UT President C.E. Brehm argued persuasively that it should go to the university. Tennessee had plenty of girls’ schools, he said, and didn’t need another. Moreover, Brown’s original intent was to leave the money to mature to $25 million before endowing the Carolyn P. Brown School for Girls. Brehm did some calculating, and figured that wouldn’t happen until 2048.
He convinced the New York trustees. Some Knoxville trustees insisted that the girls’ school idea had merit. Chattanooga had a private girls’ school; Knoxville didn’t. But starting a new school is hard.
Within a few months after Mrs. Brown’s death, the pro-UT trustees prevailed; less than a year after Carolyn’s death, it was announced that the money would go toward a new UT student center. Brown’s fortune had eroded a bit, in allowances and settlements and a wide range of legal and accounting and bank fees, and was now just under $1.5 million. They built what was then UT’s biggest building with almost exactly the amount of money available from the Brown estate.
Attorney DeWitt, one of the few people Carolyn P. Brown had reason to trust—he did everything, for years, pro bono—wrote some about his most perplexing case. Going back to his first discussions with John S. Brown in the 1920s, DeWitt remarked, “If I had known what I know at this time, I would have told Mr. Brown to throw his entire fortune into the Tennessee River.”
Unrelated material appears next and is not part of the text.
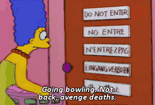 Going bowling. Not back, avenge deaths. Why do you have so many bowling balls? Oh! I'm not gonna lie to you, Marge. So long!
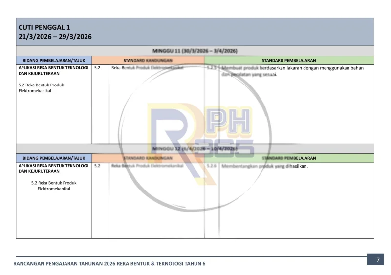 RPH & RPT 2026 Reka Bentuk dan Teknologi Tahun 6 SK menyediakan perancangan pengajaran lengkap untuk subjek RBT mengikut Takwim Persekolahan 2026 selama 43 minggu. Disusun oleh guru subjek berpengalaman berdasarkan DSKP KSSR Semakan 2017.

The original source of John Brown’s wealth was that he had capitalized the production of Weston Fulton’s invention. By a crazy coincidence, Brown’s legacy will be torn down along with Fulton’s only remaining residence, the once-stylish old house on Temple Street, later known as Volunteer Boulevard, that he gave to UT in the late 1920s as a memorial to his son, a UT student killed in a Kingston Pike car wreck. Fulton’s home, where the inventor lived with his family before they moved into the more-famously extravagant mansion on Lyons View, has been used as a construction headquarters for the new student-union project. But it will be torn down along with the student center his close friend John Brown never knew he endowed.